Depressed individuals, at times, tend to make others anxious. Those persons may lose patience due to their failure to understand why this individual doesn't break the cycle. This can further diminish social support and may cause depressed individuals to be abandoned by those most important to them. According to longitudinal studies, reduction in social support is a good predictor for subsequent depression.
Positive Reinforcement
According to behavioural theorists, for depressed individuals to feel better, they need to break this vicious cycle by forcing themselves to engage in behaviours that would provide them with some degree of pleasure. Eventually, positive reinforcement produced by the process of behavioural activation will begin counteracting the depressive affects undermining the feelings if hopelessness that characterise depression and thereby increasing feelings of personal control over the environment.
Environmental factors may help explain the reason depression tends to run in families. Constance Hammen studied family histories of depressed individuals; his conclusion was that children of depressed parents often experience poor parenting and many stressful experiences growing up. This may result in poor coping skills and a negative self-concept, making them more vulnerable later in life to stressful events, which may trigger depressive reactions. This conclusion is supported by findings that children of depressed parents exhibit a significantly higher incidence of depression and other disorders as adolescents and young adults.
Sociocultural factors
Depression exists virtually in all cultures; but its prevalence, symptom patterns, and causes reflect cultural variations. For example, Hong Kong and Taiwan have a far lesser prevalence rate of depressive disorders compared to Western countries. Individuals in these societies tend to have strong social support from family and other groups, and this helps them through the occurrence of negative impacts of loss and disappointment.

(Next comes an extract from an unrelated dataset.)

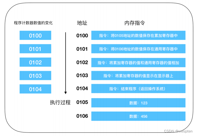 地址 0100 是程序运行的起始位置。Windows 等操作系统把程序从硬盘复制到内存后,会将程序计数器作为设定为起始位置0100,然后执行程序,每执行一条指令后,程序计数器的数值会增加1(或者直接指向下一条指令的地址)。然后,CPU就会根据程序计数器的数值,从内存中读取命令并执行,也就是说,程序计数器控制着程序的流程。

Cultural factors, too, can affect the way depression manifests. For example, in Western European countries and North America, there is a predisposition to feelings of guilt and personal inadequacy. On the other hand, people of Latin, Chinese, and African cultures more often tend to suffer from somatic symptoms of fatigue, loss of appetite, and sleep difficulties.
Finally, according to cultural factors in technologically-advanced countries such as Canada and the United States, women have been reported to be twice as depressed than men. Yet, this sex difference is not evident in developing countries.